The docs for this PR live here. All of your documentation changes will be reflected on that endpoint. The docs are available until 30 days after the last update.

li-plus · 2024-11-18T14:02:20Z

@qubvel It seems those failures are not related to this PR. Any idea?

qubvel

No worries, I checked, the same tests fail on main. Thanks for triggering slow tests!

ArthurZucker

Thanks indeed there is supports_gradient_checkpointingset to True good catch

* Support gradient checkpointing in Qwen2VL ViT * Enable gradient checkpoint tests for Qwen2VL * [run-slow] qwen2_vl

ShuaibinQi · 2024-12-16T12:28:28Z

@li-plus

Thanks your commit!
when I use gradient_checkpointing for Qwen2VisionTransformerPretrainedModel, I meet this Error:

AttributeError: 'Qwen2VisionTransformerPretrainedModel' object has no attribute '_gradient_checkpointing_func'. Did you mean: 'gradient_checkpointing'?

Is it necessary to implement this '_gradient_checkpointing_func' in 'Qwen2VisionTransformerPretrainedModel' ?

ShuaibinQi · 2024-12-16T12:29:57Z

@li-plus

Thanks your commit! when I use gradient_checkpointing for Qwen2VisionTransformerPretrainedModel, I meet this Error:

AttributeError: 'Qwen2VisionTransformerPretrainedModel' object has no attribute '_gradient_checkpointing_func'. Did you mean: 'gradient_checkpointing'?

Is it necessary to implement this '_gradient_checkpointing_func' in 'Qwen2VisionTransformerPretrainedModel' ?

My transfromers version is latest, and it is:
transformers ==4.47.0

li-plus · 2024-12-16T12:49:18Z

@ShuaibinQi Hi, I did not reproduce this error using transformers 4.47.0 using this demo code:

import torch
from transformers import Qwen2VLForConditionalGeneration, AutoProcessor
from qwen_vl_utils import process_vision_info


processor = AutoProcessor.from_pretrained("Qwen/Qwen2-VL-7B-Instruct")

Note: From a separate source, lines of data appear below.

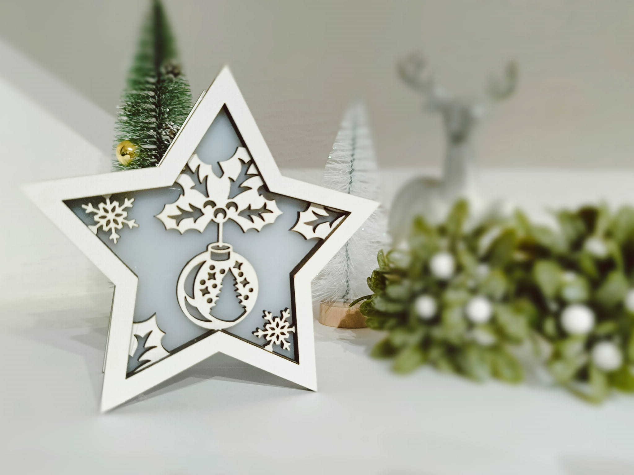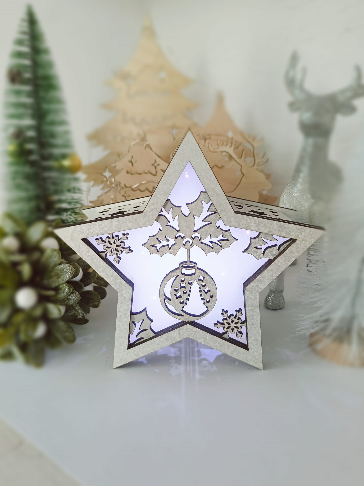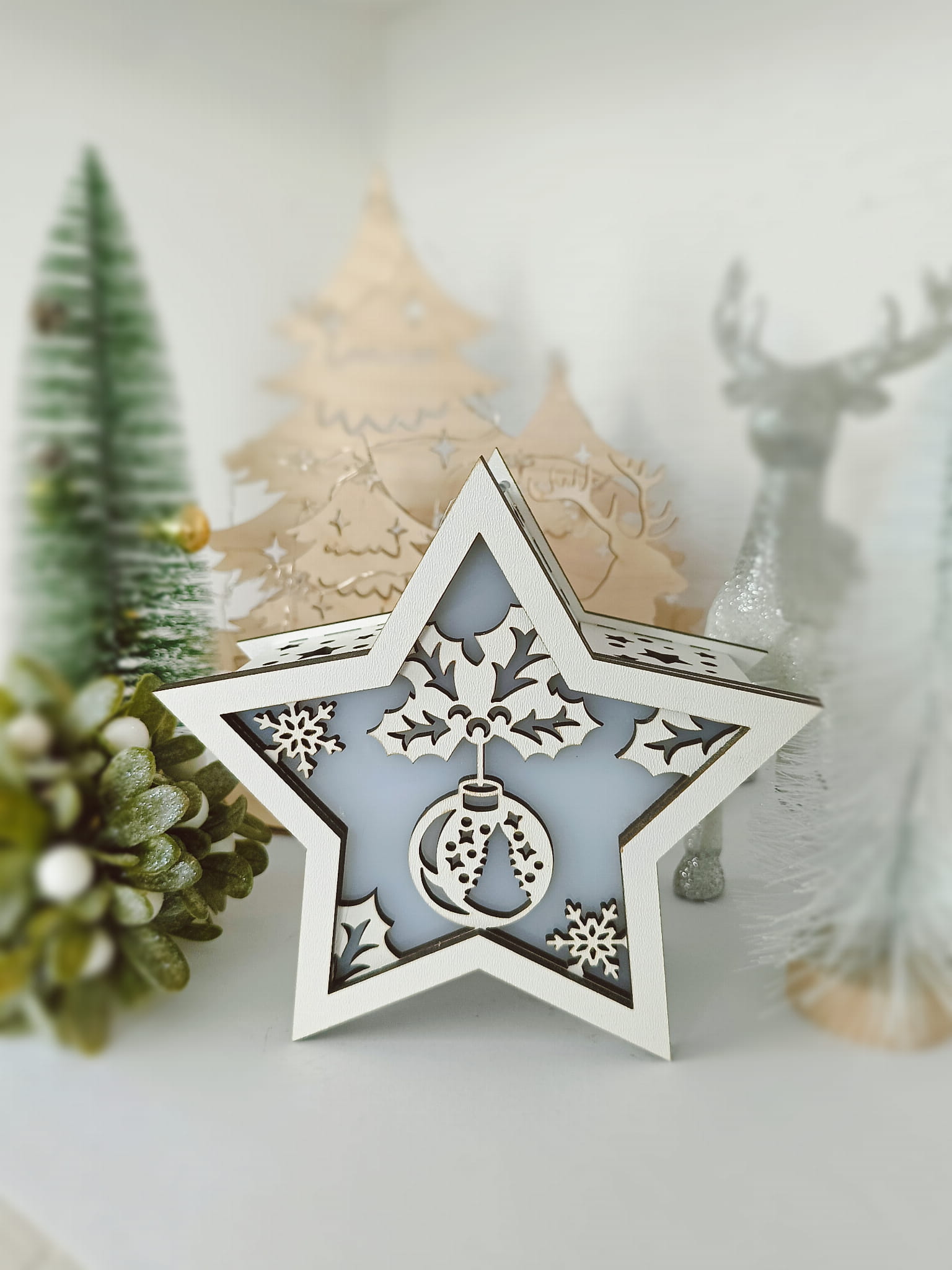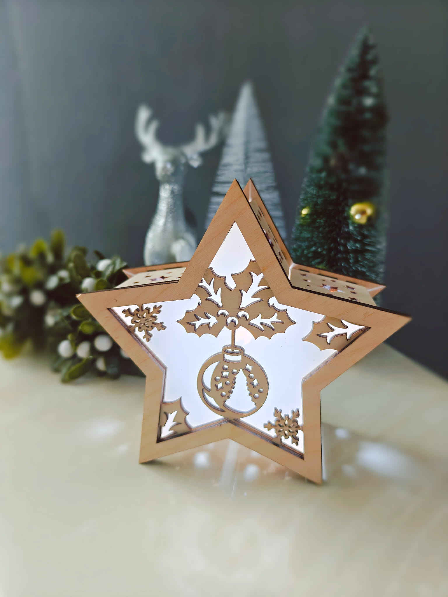 Bombka- Podświetlana gwiazda 3D święcąca stojąca ozdoba świąteczna drewniana na Boże Narodzenie
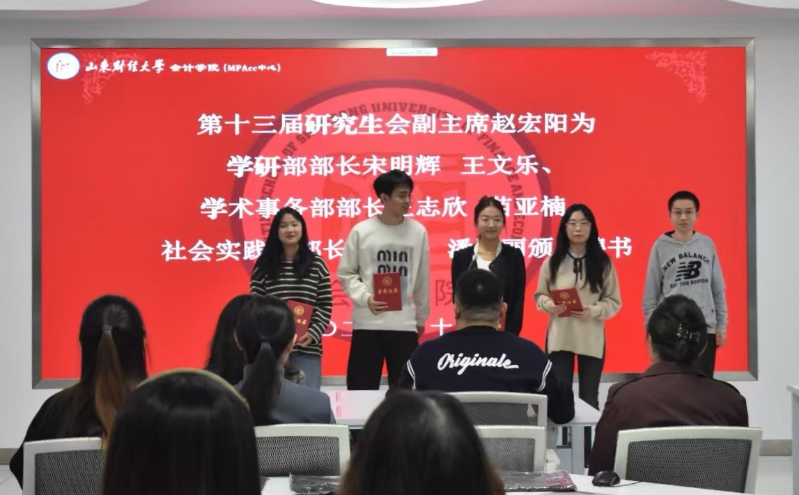 11月1日上午,山东财经大学天天澡日日澡狠狠澡欧美第十四届研究生会换届大会在燕山校区逸夫楼320教室成功举行。天天澡日日澡狠狠澡欧美党委副书记郑大伟、研究生辅导员史岩出席大会,第十三届研究生会主席团、第十四届研究生会主席团、部长以及干事代表参加。会议由2024级会计学硕班魏凤楠主持。
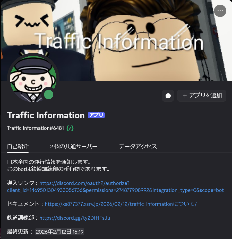 この度Traffic Informationという新しいDiscordのBotを作成し、全体公開を致します。

model = Qwen2VLForConditionalGeneration.from_pretrained(
    "Qwen/Qwen2-VL-7B-Instruct",
    torch_dtype=torch.bfloat16,
    attn_implementation="flash_attention_2",
    device_map="cuda",
)
model.gradient_checkpointing_enable()
model.train()

messages = [
    {
        "role": "user",
        "content": [
            {
                "type": "image",
                "image": "https://qianwen-res.oss-cn-beijing.aliyuncs.com/Qwen-VL/assets/demo.jpeg",
            },
            {"type": "text", "text": "Describe this image."},
        ],
    }
]

text = processor.apply_chat_template(messages, tokenize=False, add_generation_prompt=True)
image_inputs, video_inputs = process_vision_info(messages)
inputs = processor(
    text=[text],
    images=image_inputs,
    videos=video_inputs,
    padding=True,
    return_tensors="pt",
)
inputs = inputs.to("cuda")

print(f'before forward {torch.cuda.memory_allocated()/1e9=:.3f} GB, {torch.cuda.memory_reserved()/1e9=:.3f} GB')
output = model(**inputs, use_cache=False)
print(f'after forward {torch.cuda.memory_allocated()/1e9=:.3f} GB, {torch.cuda.memory_reserved()/1e9=:.3f} GB')
output.logits.sum().backward()
print(f'after backward {torch.cuda.memory_allocated()/1e9=:.3f} GB, {torch.cuda.memory_reserved()/1e9=:.3f} GB')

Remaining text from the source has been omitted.